When monotony strikes a relationship and there’s a loss of respect and affection, it will lead to the dissolution of that relationship. The husband used to give her wife flower, used to kiss her and say the words I Love You. Now, he would just leave without saying anything, comes home anytime he wants. The wife doesn’t take shower anymore. She doesn’t wear her beautiful night gown anymore.
I read on facebook about how couples, after many years of marriage, think of their spouses. He compared them with the type of songs they sing. The text message runs this way: “On the day of their marriage, they sing: “Love divine and love excelling.” After ten years of marriage they sing: “Lord have mercy” After 20 years of marriage, their song is: “Take Oh Lord and receive.” After 30 years, they sing Elvis Presley’s “Please release me let me go”
So, what should be done is to work out couple’s problems and save their turbulent marriages as far as possible. When bitter conflicts crop up inflicting emotional wounds, it is important that the wound be treated with real sorrow, which goes with a resolve to reform; otherwise it leaves a permanent scar.
Sometimes there are valid reasons that make the Christian teaching on marriage difficult to swallow. But there is value in faithfulness that can overcome the difficulties of married life. It would be huge joy and fulfillment to feel if, despite all the trials and difficulties, a couple persevere and see their children grow to become good parents someday.

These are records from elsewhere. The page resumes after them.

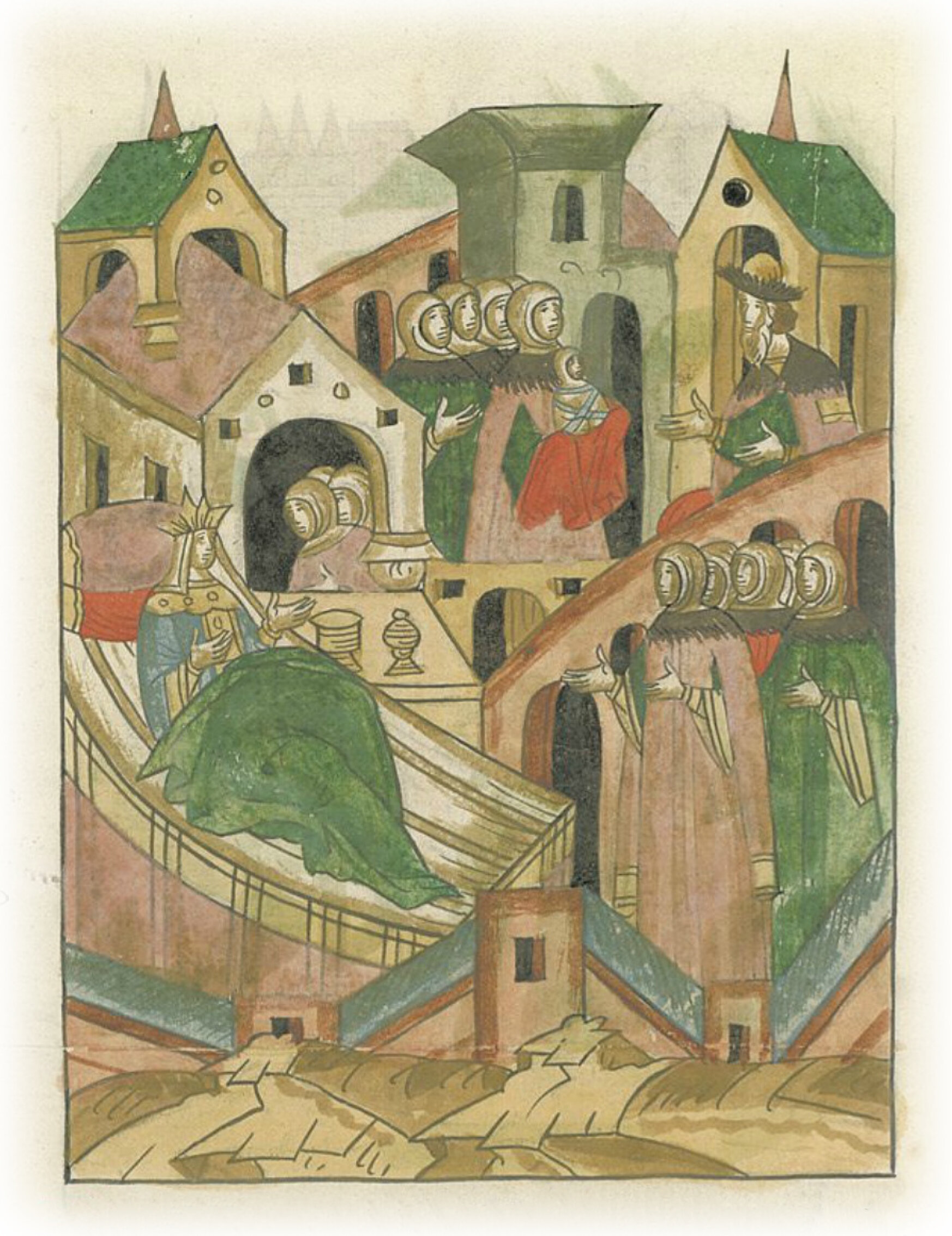 Ругодивские посадники Яким и Захар приезжают в Москву. Воеводы царя Ивана Васильевича Алексей Адашев и Иван Михайлов сообщают им, что государь пожалует их, если сдадут его воеводам помимо Ругодива Вышгород.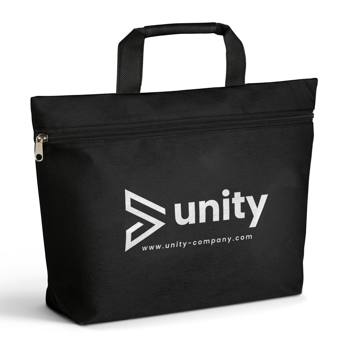 Practical non-woven document bag. With zip, reinforced handle with colour accent and widened base. With it's super strong and lightweight material it is easy to carry around. Available in 2 colours. The size of the bag is 39x9x25,6 cm.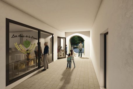 In der bestehenden Scheune werden die Restaurantküche und eine Mikrobrauerei, die durch einen Durchgang abgetrennt sind, ihr neues Zuhause finden. Ein Durchgang, wie man ihn aus Einkaufszentren kennt, soll zum neu geschaffenen Biergarten und zu Spielplätzen führen. Ein Schaufenster wird es dort ermöglichen, das Treiben in der Mikrobrauerei von außen zu beobachten. Es wird die Möglichkeit bestehen, die vor Ort produzierten Biere zu verkosten oder etwa an Brauerei-Workshops teilzunehmen.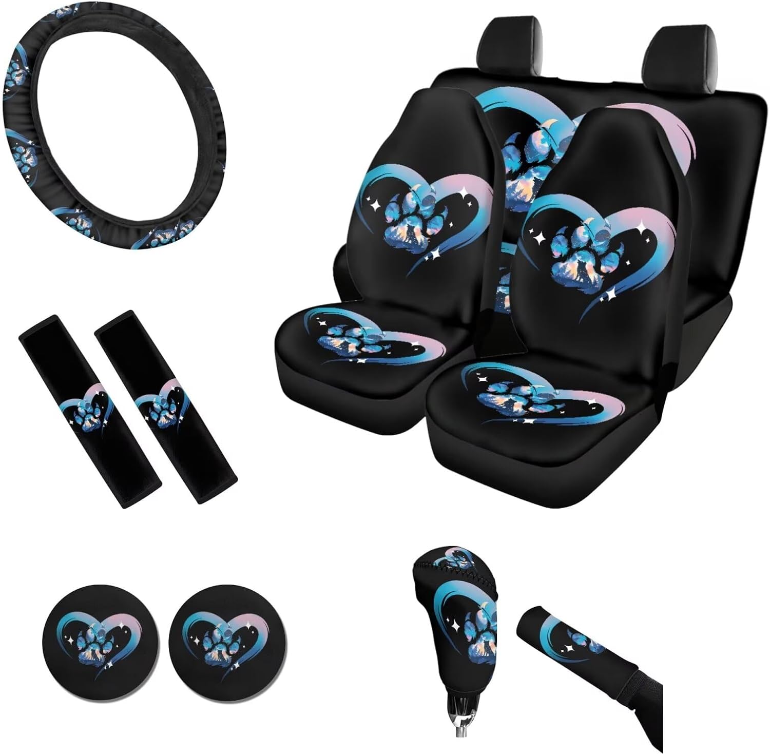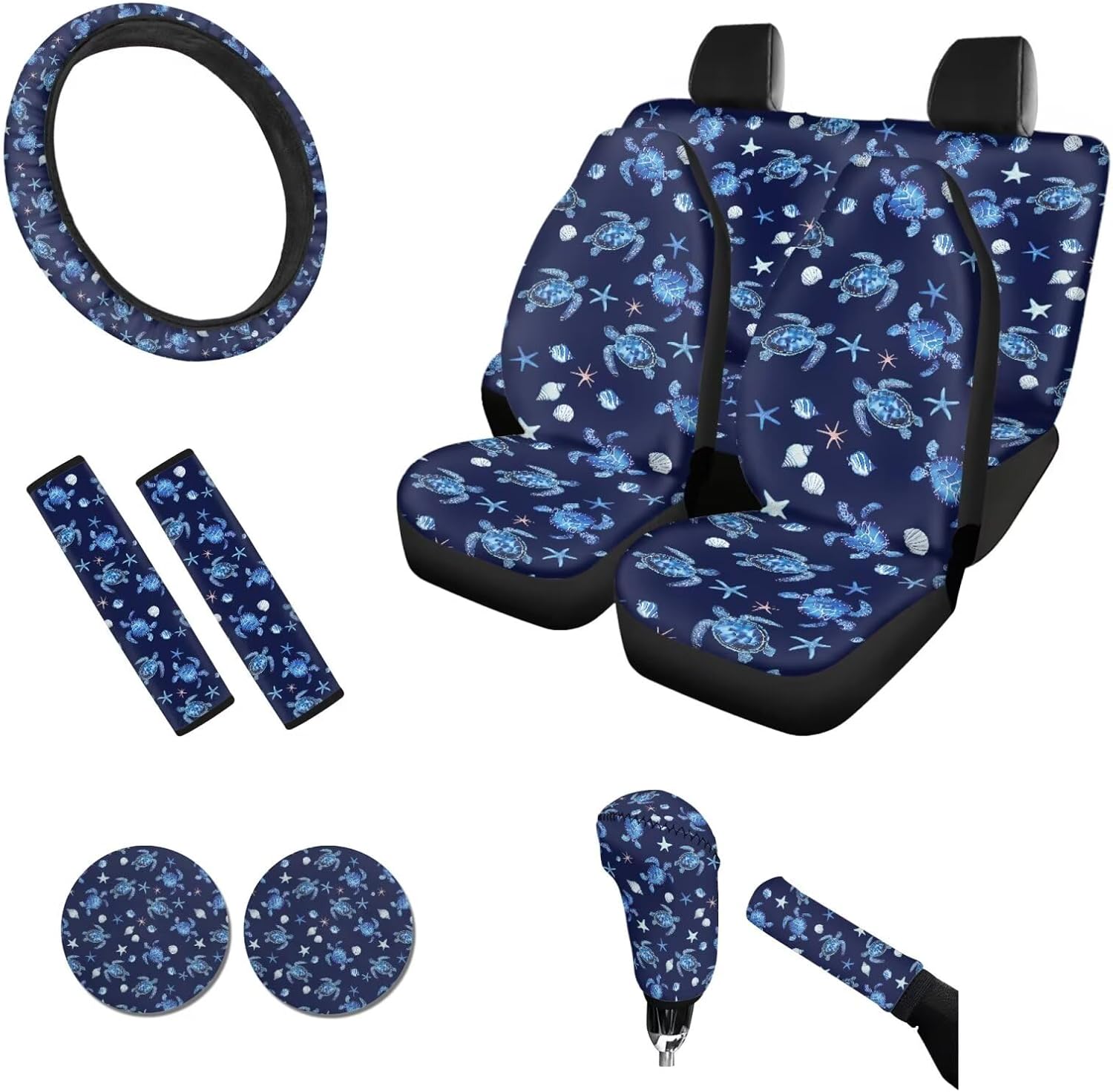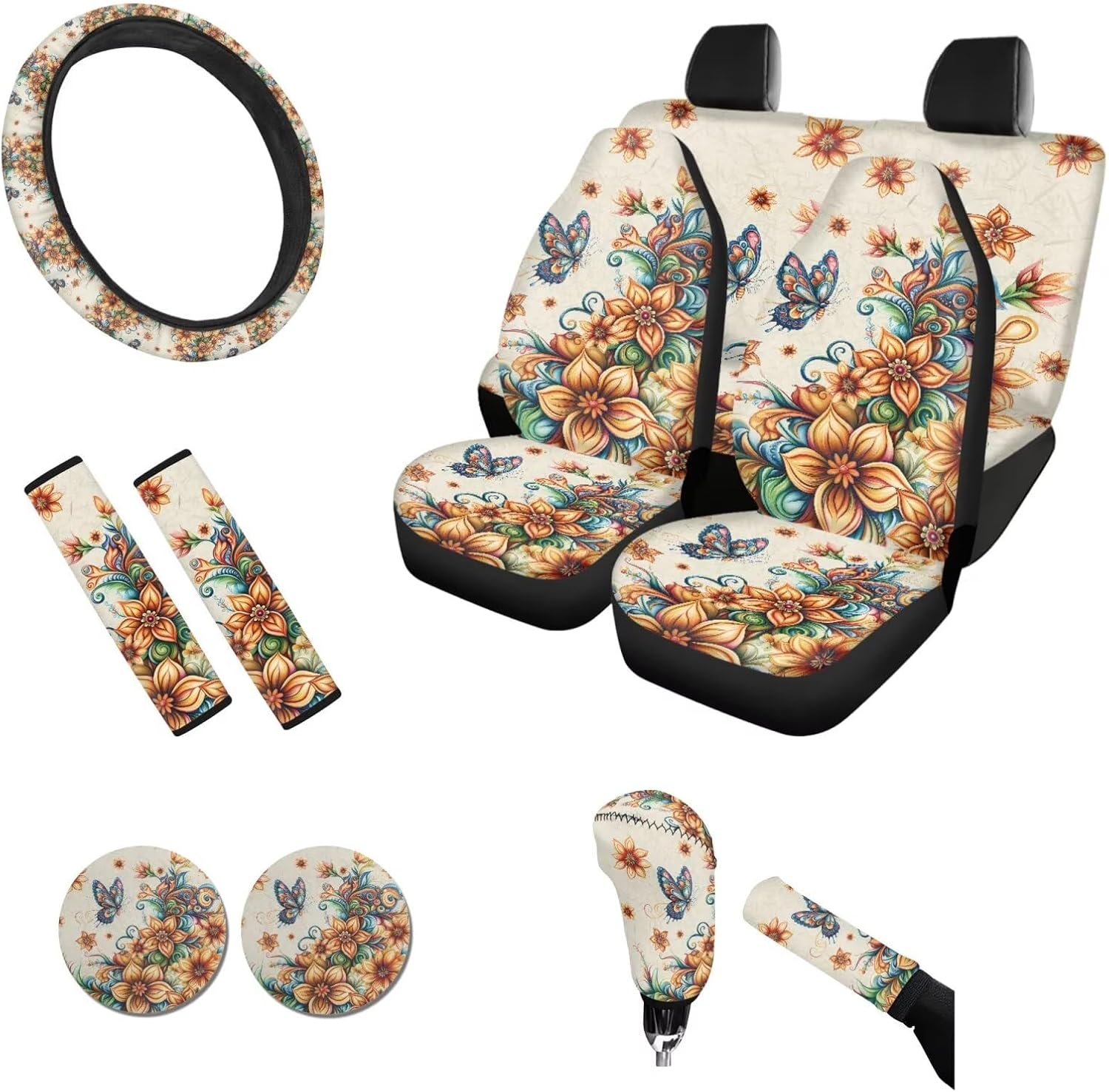 About Tomeusey Car Seat Cover Full Set 11 Pcs 🔸Made of comfortable and durable polyester material, it is elastic and can effectively protect the original car seat, reducing damage to the original car seats. 🔸Our seat covers set are easy to install and the cushion comes with elastic straps for easy installation and disassembly, aiming to protect your car seat from damage. 🔸The full set of seat covers is designed with 3D printing and fashionable and diverse theme patterns, making it the preferred decorative accessory for your car. 🔸The car seat cover set is fast to install, easy to disassemble, easy to clean, and dry. 🎁This is also a great Thanksgiving, Christmas, New Year, or birthday gift to give to your friends, colleagues, and family. 🔸Package includes: 4 x Car Seat Covers Set (2 front seat covers + 1 rear backrest cover + 1 rear bottom bench cover) 1 x Steering Wheel Cover 2 x Auto Seat Belt Cover 2 x PU Car Coaster 1 x Gear Lever Cover 1 x Hand Brake Cover 🔸【Washing Method】 It can be hand-washed & machine washable, do not soak for a long time. 🔸【Note】 Please kindly measure your car seats before purchase! Please contact us if you have any questions about the use of our product. 💡About Tomeusey Brand We are a company integrating production and sales. we provide a variety of color style products for you to choose, we are committed to bringing customers a new experience, and maximizing the experience of your life!

Another recommendation that we should do is to frequent our coming to church together as a family. A study indicated that if couples attend Mass together each Sunday they have a sixty times greater chance of having a lasting marriage. And if they pray together every day – even just prayers before meals or kneeling down at the bedside at night, the marriage is practically unbreakable. The reason is obvious. Didn’t Jesus say in the gospel today, ‘married couples’ are no longer two but one flesh? Certainly he will bless you with joy of being together. In fact the first miracle he performed was for that young couple in Cana to save their wedding reception – and he wants to give you everything you need, each day, to have a beautiful married life. Therefore never forget to be with Jesus as couples every day.
The other recommendation I would like to share, is for the youth and young adults to be the light at home. I know fear will envelop you at times to even say a word to your parents, but if you sense that there is a problem at home, stand up and be a light by reminding the household to pray and stay together.
Today is acolyte recognition Sunday. The word acolyte means altar servers whose primary role is to light the altar candles and assists the priests and deacons at the altar. In tagalog, “Ako” means “I am” “AKO LIGHT” “I am light” Youth and young adults, be the light at home and show your good deeds to others so that God in heaven be glorified.
To all parents, learn from the story of a zipper who always unifies that which at times separates. Keep those pants zipped, don’t let it fall open otherwise you will fall into temptations. Amen.